Lo scenario della pagina evangelica scritta da Matteo mostra Gesù seduto in alto con una platea di folle assiepate ai piedi del monte, con i discepoli a fargli da corona. Uno scenario regale che presenta la figura di Gesù come il maestro che sa guardare a quelli che lo cercano, lo incontrano e lo seguono, sa discernere innanzitutto la loro fatica e la loro sofferenza, e sa rivolgere loro parole di vita. Il Discorso non si presenta come una sequenza di precetti. Ha piuttosto la forma di una comunicazione confidenziale, anche se ferma, di un nuovo modo di concepire la vita.

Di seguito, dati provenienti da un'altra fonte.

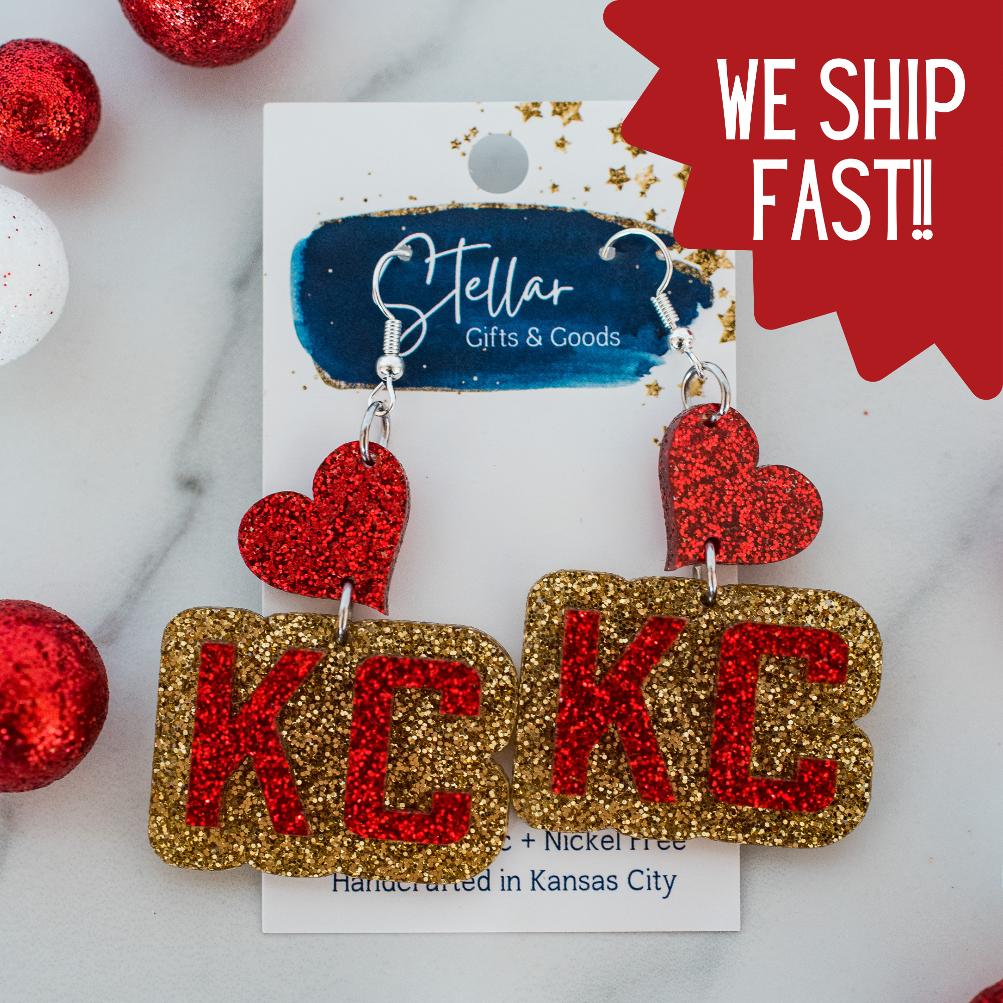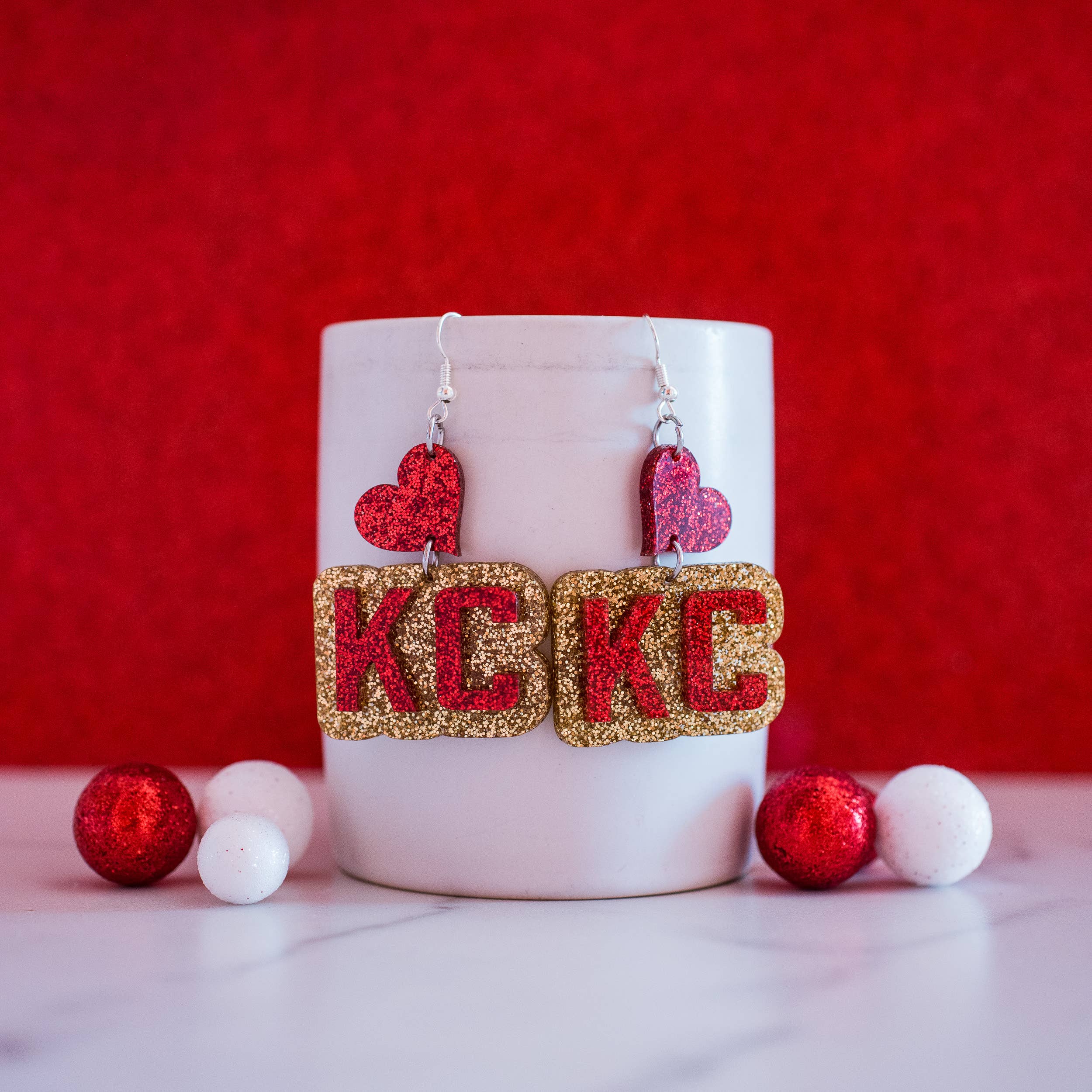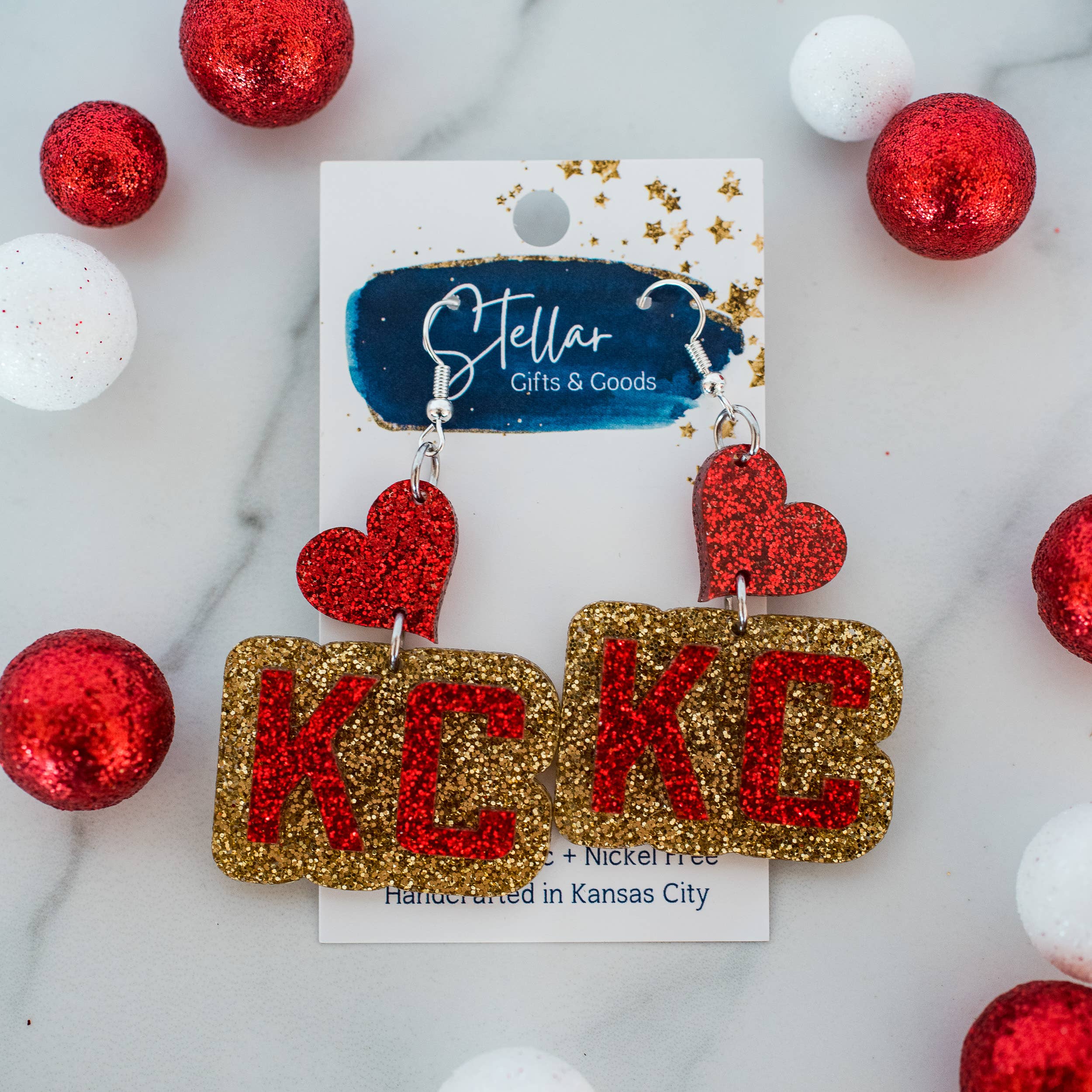 KC Football - Glitter KC Heart Drops Kansas City Red Gold
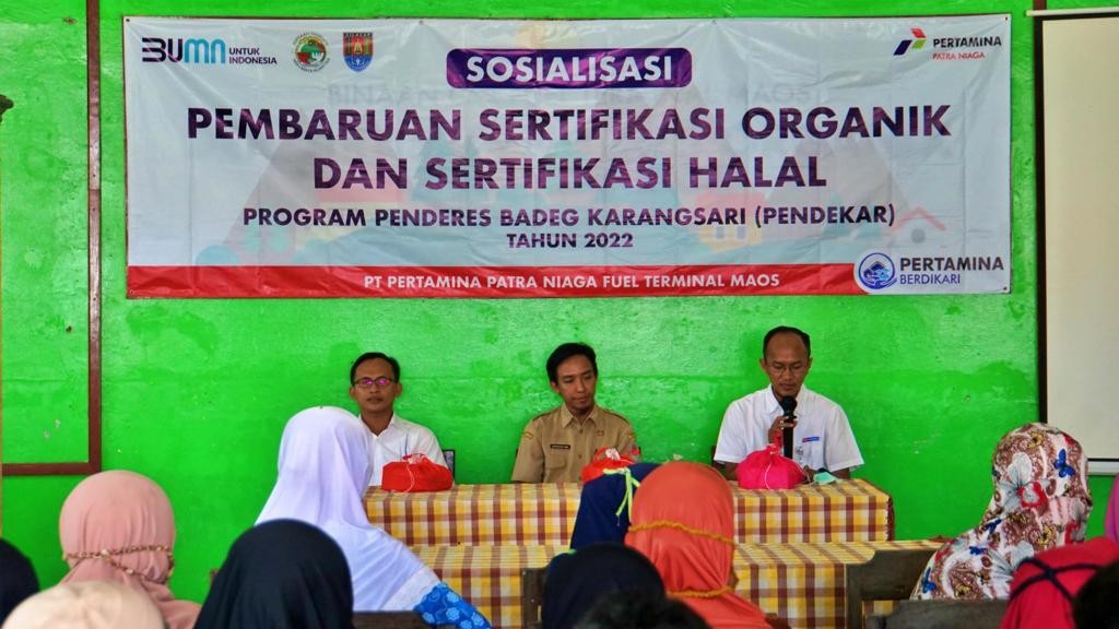 Cilacap, UP Radio – Sebagai upaya dalam memperluas pasar produk gula semut organik khas Cilacap di pasar internasional, Pertamina mendorong sertifikasi organik dan sertifikasi halal kepada kelompok petani atau penderes dari Koperasi Nira Cahaya Sejahtera dan Kelompok Pendekar (Penderes Badeg Karangsari) melalui kegiatan sosialisasi sertifikasi pada Senin (19/9) di Balai Desa Karangsari, Kecamatan Adipala, Kabupaten Cilacap.
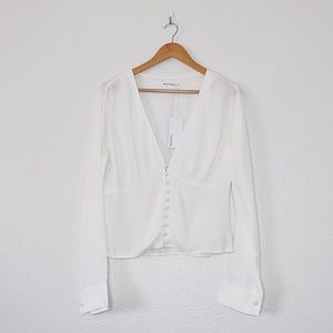 Reformation Fulham Long Sleeve Buttoned Ivory Top
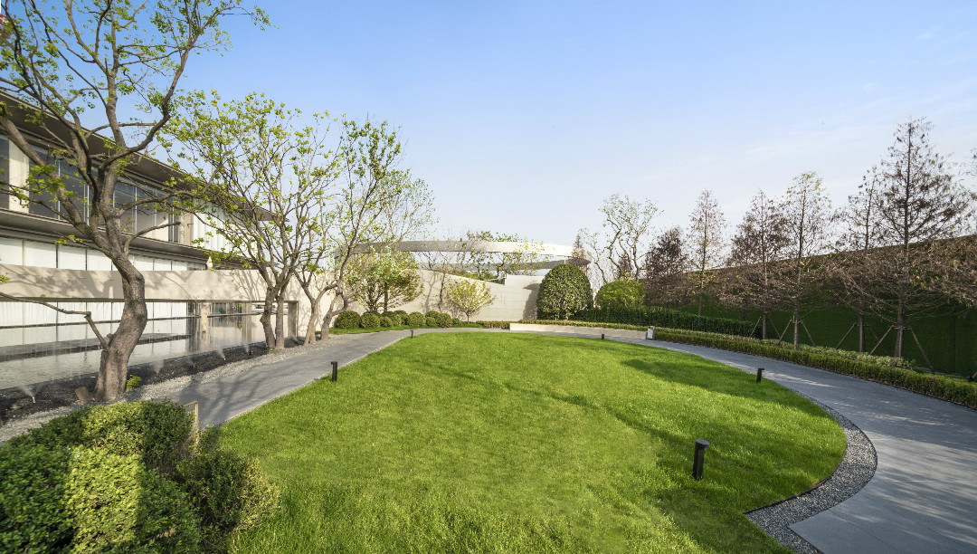 在陽光草坪和紅色落羽杉林的映襯下,后場空間顯得更為恬靜安寧,讓人忍不住上前小憩片刻。
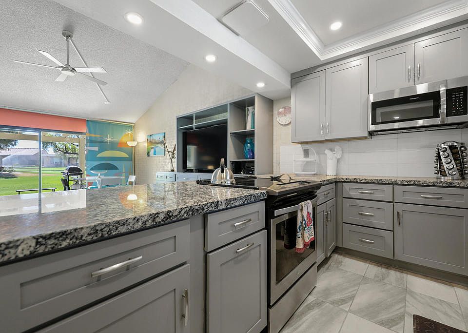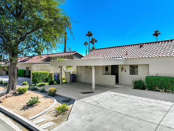 This desirable 2 bedroom/2 bathroom condo, located in the popular Palm Desert Resort Country Club, is nicely remodeled and offered turnkey furnished. The kitchen boasts stylish stone counters and stainless steel appliances, as well as newer cabinets painted cool gray with upgraded hardware. The guest bedroom, currently used as an office, has an en suite bathroom. The south-facing covered patio offers views of a greenbelt, pool and mountains. Relax on your patio while enjoying a beverage and have a BBQ. A stacked washer and dryer is located next to the water heater in a separate closet behind a locked door in the carport. The private carport offers shade for one car and an open space next to it for another. Quiet interior location! Conveniently located not far from the clubhouse, which offers many social activities, 20 pools and spas, bocce ball & more included in HOA dues which covers roof and exterior walls. Golf, tennis & pickleball are also available here but not included in HOA dues. This is a great home for vacation getaways, a second home, or for year-round living. Investors take note: Short Term Rentals are allowed. Located mid-valley, with easy access to I-10, world class dining, shopping, the Indian Wells Tennis Gardens, entertainment, and more, you will love the lifestyle in the Palm Desert Resort Country Club. You own the land, and like a duplex, you share only one wall. Call today to schedule a private tour of this desert paradise!
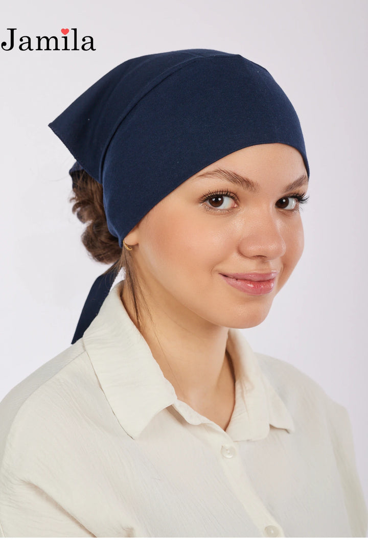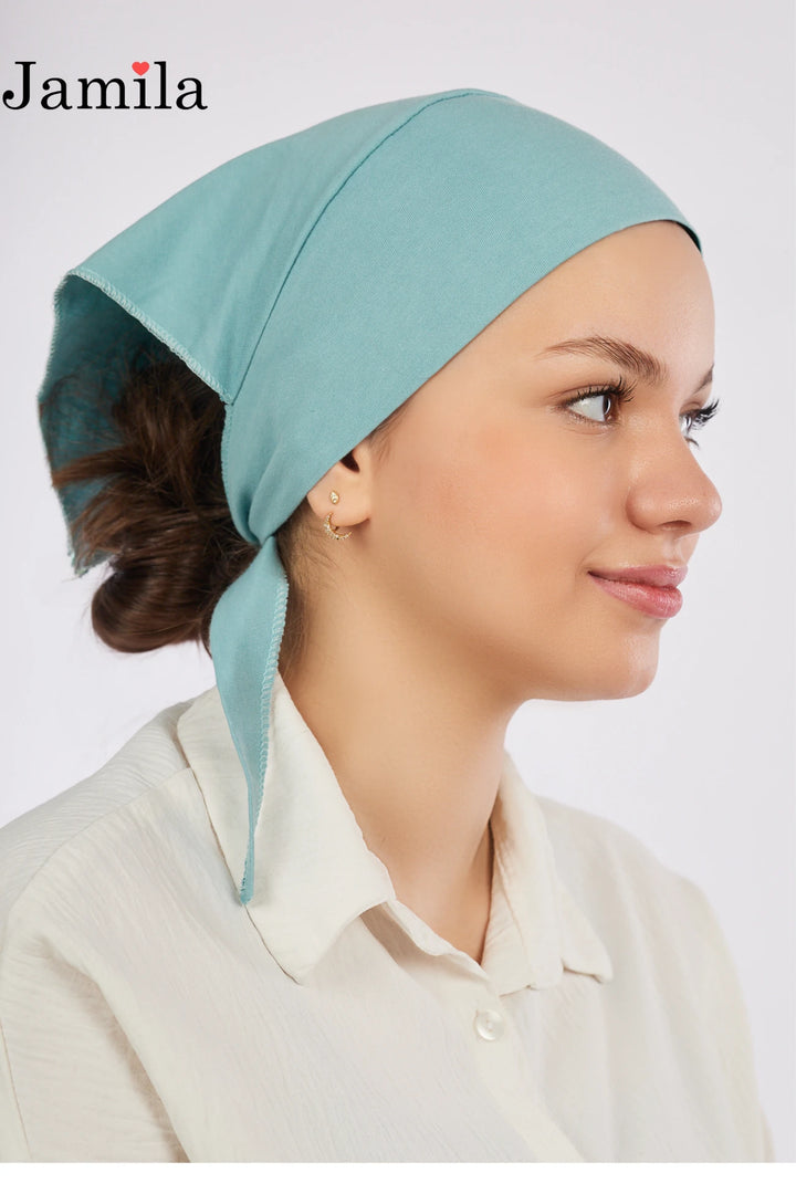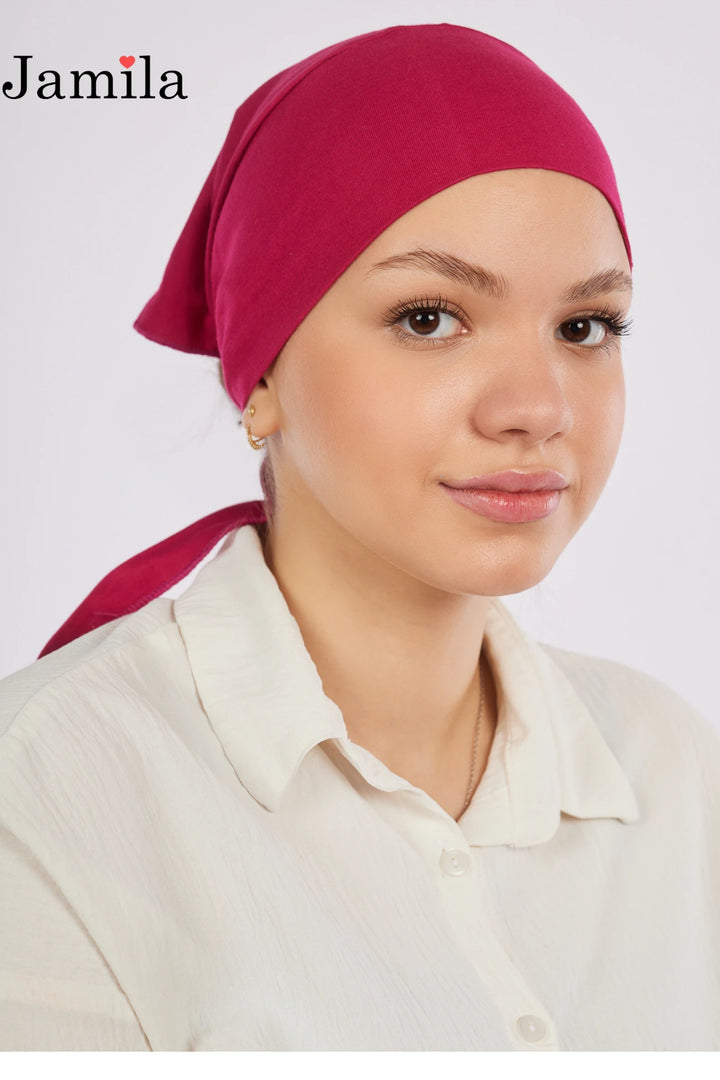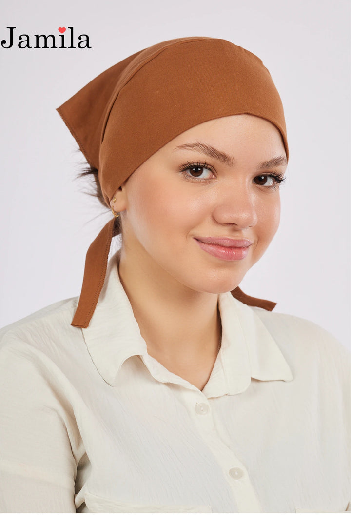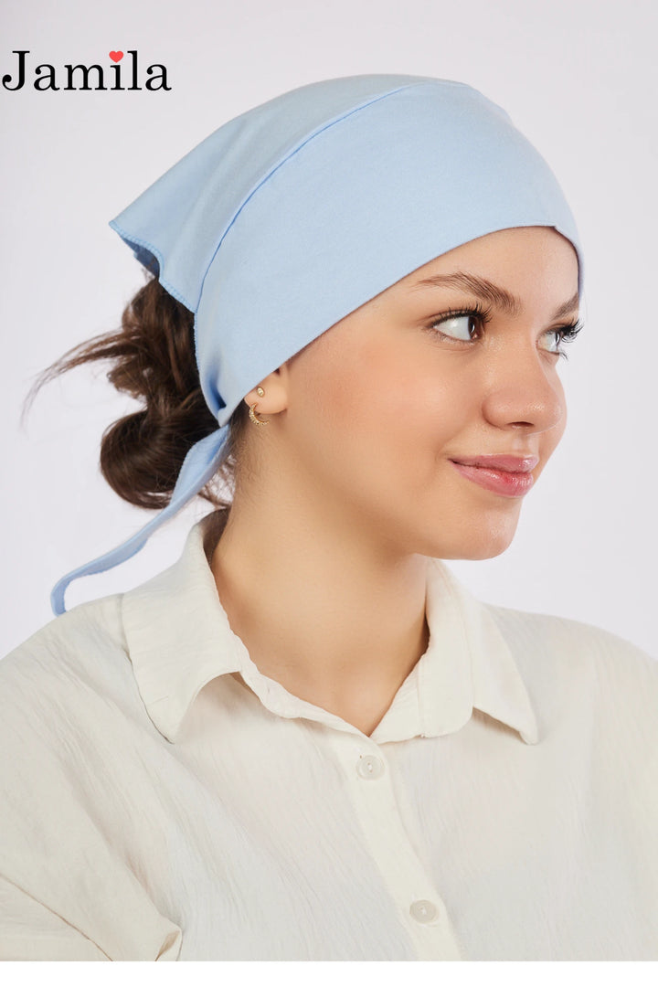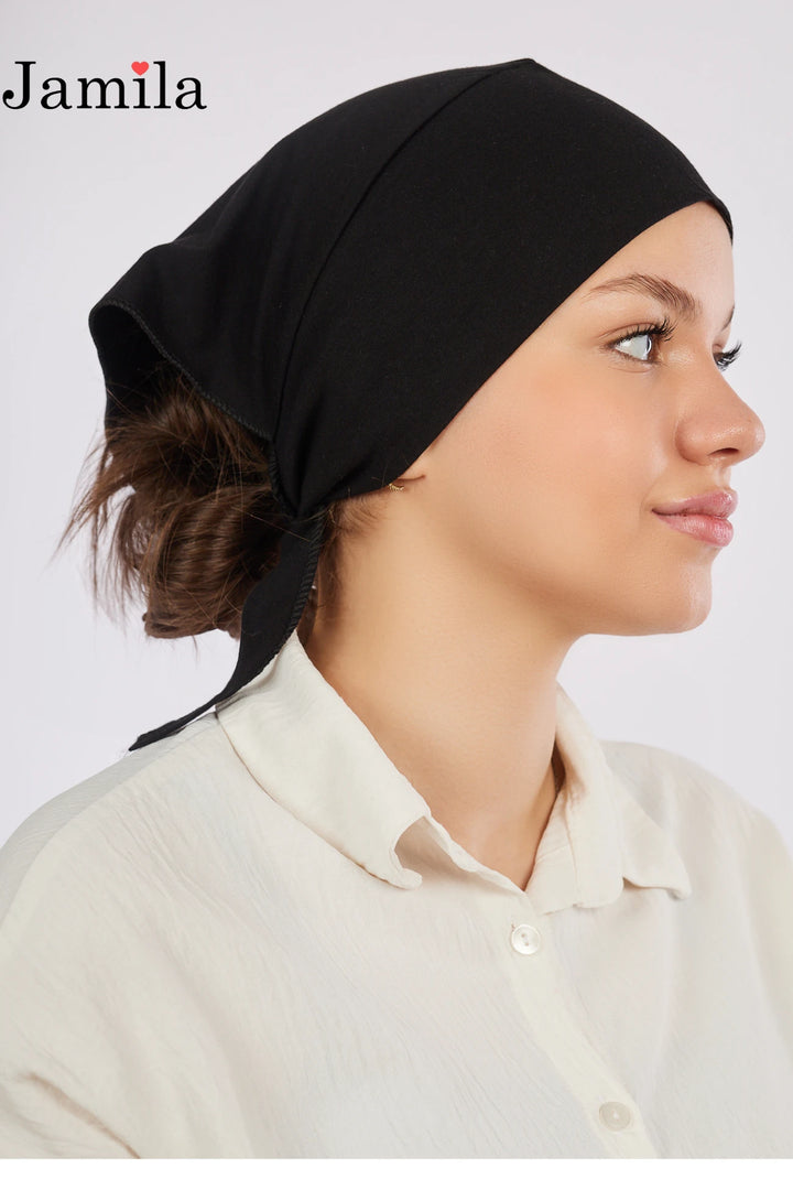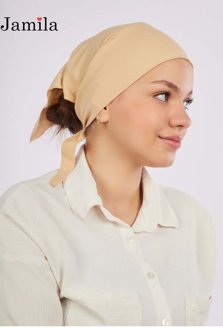 بندانة ماركة Jamila برباط ذو نهاية مثلثة لها طرفين للربط حول الرأس. هذه البندانة لا تعطي اي سُمك من الامام عند ارتداءها. مصنوعة من القطن المصري 100%.

Ecco allora il grido: “Ashrè”, parola ebraica tradotta con “beati” che costituisce un invito alla pienezza di vita, alla consapevolezza di una gioia che niente e nessuno può rapire né spegnere. Come un rintocco vibrante di una campana, questa espressione ritorna forte e chiara per nove volte promettendo una felicità, a prima vista impossibile da realizzare, quasi sempre in relazione a qualche disgrazia terrena (povertà, lacrime, fame e sete, persecuzioni) o ad atteggiamenti che in questo mondo non sono ricompensati (mitezza, misericordia, persecuzioni). La novità di questa beatitudine, presentata attraverso brevi frasi dirette, plastiche, piene di fatti e di gesti della vita quotidiana, non ha bisogno di lunghe spiegazioni: nessuno può sfuggire alla forza e all’evidenza di quelle parole così semplici, che raggiungono ogni uomo. Il Regno opera un capovolgimento profondo dei nostri sentimenti, delle nostre concezioni e relazioni. Ne deriva uno stile di vita insieme semplice e grandioso. Interiorità, totalità, radicalità sono le sue caratteristiche fondamentali. Quanto ai frutti visibili, si potrebbero così elencare: l’umiltà e la preghiera profonda e consolante, la mitezza e la ricerca costante della giustizia e della pace, uno sguardo benevolo e la capacità del perdono senza misura, la lealtà e la sincerità assoluta, il superamento dell’angoscia, della preoccupazione e dell’affanno, il coraggio di soffrire per Dio e per la verità.
Queste esperienze misteriose di vuoto nella nostra vita, a volte percepite come lancinanti, se accettate e offerte a Dio, divengono il segno certo che il Regno di Gesù bussa alle porte del nostro cuore chiamandoci alla beatitudine.